#### Data section
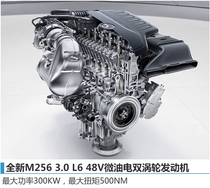 直列六缸一直都是宝马的拿手好戏,此次奔驰原厂代号M256,48V微油电直列六缸汽油涡轮发动机颇为抢眼。这具发动机最大的特色,在于具有48V的微油电动力技术,该发动机除了原本的12V电力系统之外,还加入了未来将成主流的48V电力系统,用来支援水泵、空调压缩机、ISG整合式启动马达,以及电子涡轮(用来改善涡轮迟滞)等装置。奔驰表示这具全新的直列六缸汽油双涡轮发动机,将拥有媲美八缸的性能,以及如同四缸发动机的油耗水准。
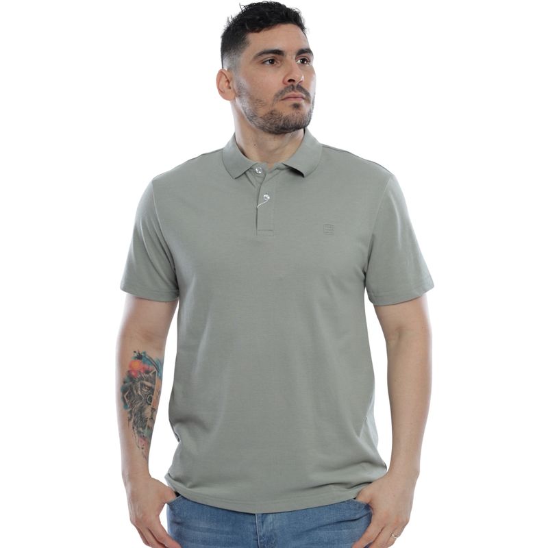 Remera polo masculina de manga corta en color verde pálido liso, ideal para un look fresco, sofisticado y versátil. Su diseño clásico incluye un cuello tradicional y una tapeta de dos botones transparentes, ofreciendo un estilo limpio y atemporal. En el pecho, presenta un logo discreto grabado en tono sobre tono que refleja elegancia y distinción sin saturar el diseño. La ausencia de puños en las mangas refuerza la sensación de comodidad y libertad de movimiento.
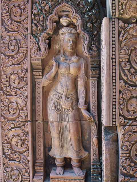 「地球の歩き方」アンコール・ワットとカンボジア('04~'05)P70のバンテアイ・スレイの記事の中で、これぞ「東洋のモナリザ」と紹介されているのは、北祠堂南面東側(N8)のデヴァターです。
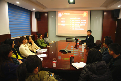紧接着,朱佳鸿博士从仁、智、工三个方面介绍如何做好学生活动。仁,就是要进一步建立健全培训体系,通过多学习、多观察、多交流、多思考,将问题想对、想深,不断提高学生干部的素质。智,要求学生干部进一步改变思维方式,丰富组织活动形式。工,则强调危机意识,提高学生组织的执行力。以仁、智、工为三个坐标轴,构建以成就一等人才,一等学问,一等事业,一等人格的广阔、自由与平等的立体成长空间。

#### What to produce
Return every line of the data above exactly, and omit all pictures.

#### Answer area
 直列六缸一直都是宝马的拿手好戏,此次奔驰原厂代号M256,48V微油电直列六缸汽油涡轮发动机颇为抢眼。这具发动机最大的特色,在于具有48V的微油电动力技术,该发动机除了原本的12V电力系统之外,还加入了未来将成主流的48V电力系统,用来支援水泵、空调压缩机、ISG整合式启动马达,以及电子涡轮(用来改善涡轮迟滞)等装置。奔驰表示这具全新的直列六缸汽油双涡轮发动机,将拥有媲美八缸的性能,以及如同四缸发动机的油耗水准。
 Remera polo masculina de manga corta en color verde pálido liso, ideal para un look fresco, sofisticado y versátil. Su diseño clásico incluye un cuello tradicional y una tapeta de dos botones transparentes, ofreciendo un estilo limpio y atemporal. En el pecho, presenta un logo discreto grabado en tono sobre tono que refleja elegancia y distinción sin saturar el diseño. La ausencia de puños en las mangas refuerza la sensación de comodidad y libertad de movimiento.
 「地球の歩き方」アンコール・ワットとカンボジア('04~'05)P70のバンテアイ・スレイの記事の中で、これぞ「東洋のモナリザ」と紹介されているのは、北祠堂南面東側(N8)のデヴァターです。
紧接着,朱佳鸿博士从仁、智、工三个方面介绍如何做好学生活动。仁,就是要进一步建立健全培训体系,通过多学习、多观察、多交流、多思考,将问题想对、想深,不断提高学生干部的素质。智,要求学生干部进一步改变思维方式,丰富组织活动形式。工,则强调危机意识,提高学生组织的执行力。以仁、智、工为三个坐标轴,构建以成就一等人才,一等学问,一等事业,一等人格的广阔、自由与平等的立体成长空间。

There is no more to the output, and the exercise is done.